Not to mention the 150+ lawsuits already filed against BP and other various partners in the Gulf spill, with legions more lawsuits to follow.

None of this, of course, calculates the loss of consumer confidence in BP.  Or trust.  We can only speculate the impact this will have on BP in the years to come.

No one will ever be able to calculate all this waste generated by the Gulf oil spill.  Wasted energy, time, livelihoods, resources, biodiversity, productivity and reputations are just a few that immediately come to mind.

“Waste is any measurable cost that goes into our product [or service] that does not add value to our customer, “ explains Ray Anderson founder of multi-billion-dollar Interface, in his book Confessions of a Radical Industrialist.

Where are you wasting in your business?

I am willing to bet there is a tremendous amount of waste going on in your business.  In any business, for that matter.  All have an impact to everyone involved.

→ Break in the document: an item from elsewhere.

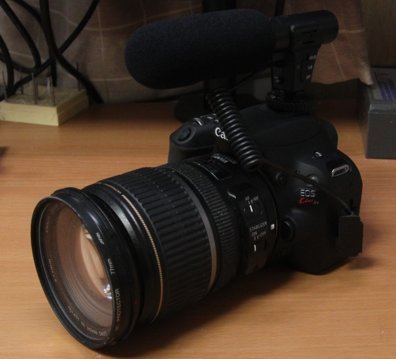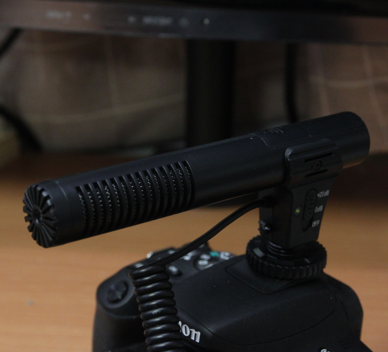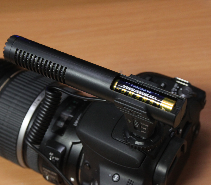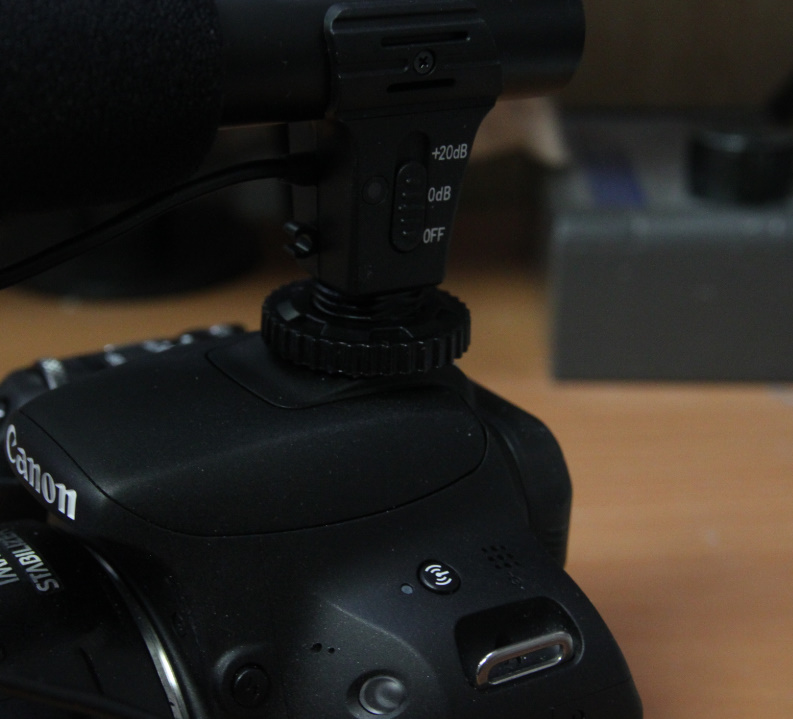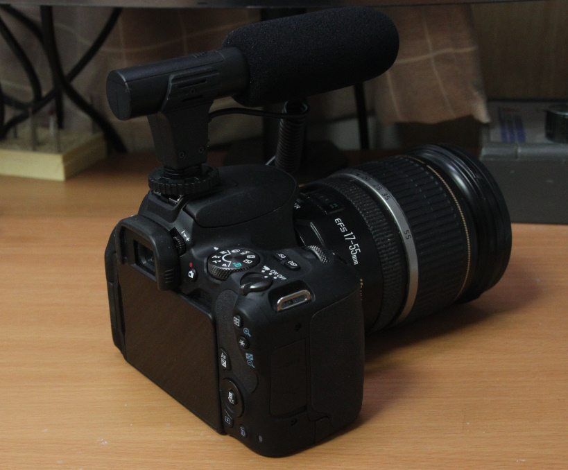 EOS Kiss X9で動画撮影する際に、カメラ内蔵マイクだと、オートフォーカスの動作音を激しく拾うので、アマゾンで売られている安価な外付けマイクを取り付けてみました。
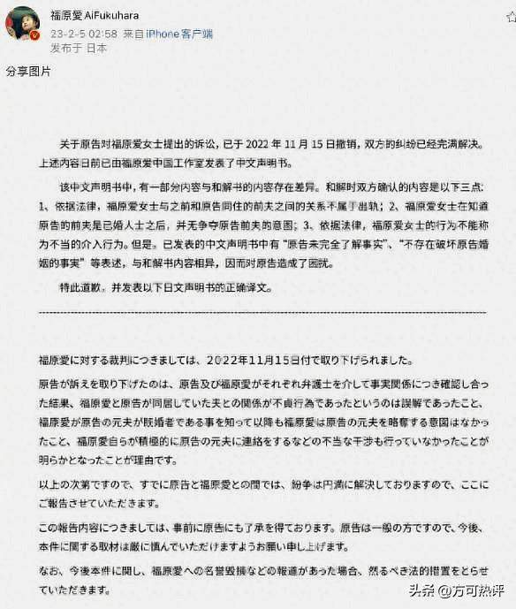 回顾去年8月,福原爱曾被男友的前妻起诉,指控她是第三者,并提出了索赔。然而,令人意外的是,同年11月,对方又发布声明称已经撤销了起诉。然而,福原爱在2月5日半夜发布了双语道歉声明,这次向“横滨男”前妻道歉,她解释道,中文版本的声明与日文和解书内容出现了差异。

Where to look for waste in your business:

  • Time—your and other people’s time.  Where you spend time vs. where you should to grow your business.  For example, e-mails, technology glitches, endless meetings, etc.
  • Energy—a) yours/your staff’s:  wasted on poorly planned and or executed business strategies, and b) environmental: traveling to meetings (flying, driving, etc.) using fossil fuels instead of using video conferences, lack of energy-efficiency in your office or production process (see below), and so on.
  • Production—any materials you do not use and are thrown away when making your product or performing your service.  Examples:  “cuttings” from making your product, you end up throwing away instead of reusing or repurposing.  Or not having an efficient system for servicing a client and taking too long to generate what they hired you to do.
  • Administration—lack of systems or structures to keep the business moving smoothly.  For example, incorrect billing, not managing follow-throughs, delayed return phone calls, poorly managed bookkeeping sales and expense forecasting and cash flow planning.
  • Marketing—missed opportunities in sales leads, lack of sales and marketing plans and unnecessary marketing “collateral” (brochures, business cards, handouts, etc.)

Here’s the thing about waste:  when managed effectively, you do way, way, WAY more than reduce your carbon footprint.  You reduce your expenses and most likely increase your revenue.  Substantially.

If you ever question the impact of business-generated waste, just remember the impact of BP’s waste in the Gulf of Mexico going on right now.